Music vet and New Times scribe Lee Zimmerman offers his insights, opinions, and observations about the local scene. This week: The Shack in the Back offers music lovers a different kind of concert.
In South Florida, concert venues generally fall into one of three categories, -- big box theaters like Hard Rock Live, the Broward Center for the Performing Arts, or the Fillmore; hip nightspots like Revolution, the Stage, and Culture Room; or those that cater to niche audiences, like Tobacco Road and the Bamboo Room.
However, there's another option, one that's relatively rarer in these parts, and that's the house concert. These are exactly that. Places like the Shack in the Back. It provides the stage for a small intimate performance for a small audience in a home, with those in attendance paying a moderate donation and bringing a food contribution that can go toward a potluck meal. It's an opportunity to get up close and personal with a performer in a way that's not possible even in the most intimate club setting, and it allows an artist with a relatively modest fan following to play in an area where he or she might not otherwise draw a crowd.
Husband and wife team Ellen Bukstel and Brian Wolfsohn have helped pioneer the concept in our environs. The Shack in the Back, their homespun venue, is a 170-seat performance space situated on the two and a half acres in South Broward adjacent to their ranch. The pair produce concerts at the venue from November to April, and attract a surprisingly impressive array of performers, including renowned folk artists Jonathan Edwards, Dion, Tom Rush, Susan Werner, Christine Lavin, and Vance Gilbert.

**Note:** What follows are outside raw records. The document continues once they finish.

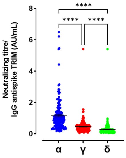 Ratio between neutralizing antibody titre against Alpha, Gamma and Delta variants and IgG anti-spike TRIM levels **** p < 0.0001.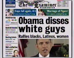 A YouTube message from President Obama specifically encouraging minorities and women to vote this November made some waves as Republicans accused the Democrats of discrimination. Perhaps the harshest critics of the video, the April 27 Washington Examiner headline declared “Obama Disses White Guys.” Dylan Ratigan brought on the paper’s editor Mark Tapscott to defend the headline yesterday.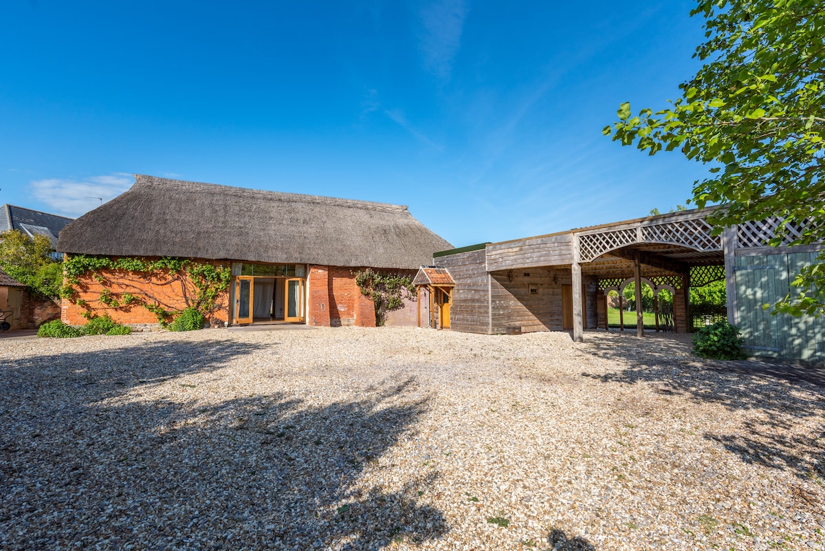 A rural bolthole in a converted barn - comfort and style with just a nod to luxury. Part of a small cluster of outbuildings behind our home, surrounded by 14 acres of fields. Designed for year round use with lovely outside spaces for summer and a cosy interior and wood-burning stove for colder months. Totally self-contained, secluded, and away from the coastal crowds, but just 10 mins Bridport & beach. Attention to every detail to give you everything you want, but nothing you don't need.

Ellen, who's produced various concert series on and off since the mid '90s, originally began presenting shows at Temple Beth Or in South Miami as part of her efforts to raise funds for AIDS research after her first husband, Doug Segal, died from complications related to the disease. They helped the synagogue develop its own venue, Sacred Grounds Coffeehouse, garnering Miami New Times' designation as "Best New Venue" in the process.
The Bukstel House Concerts at the Shack in the Back have been accorded their share of kudos as well, but for the couple, the most gratifying reactions come from those that attend the shows.
"All the concerts are special and unique," Ellen insists. "The concerts are up close and personal, and the performers are very connected to the audience because of the casual environment of a home setting. It's a very large house concert series compared to most around the country, yet small enough for everyone to feel connected to the performer and the music. It's a totally joyful pursuit, and worth all the time and effort just to see how much people enjoy themselves."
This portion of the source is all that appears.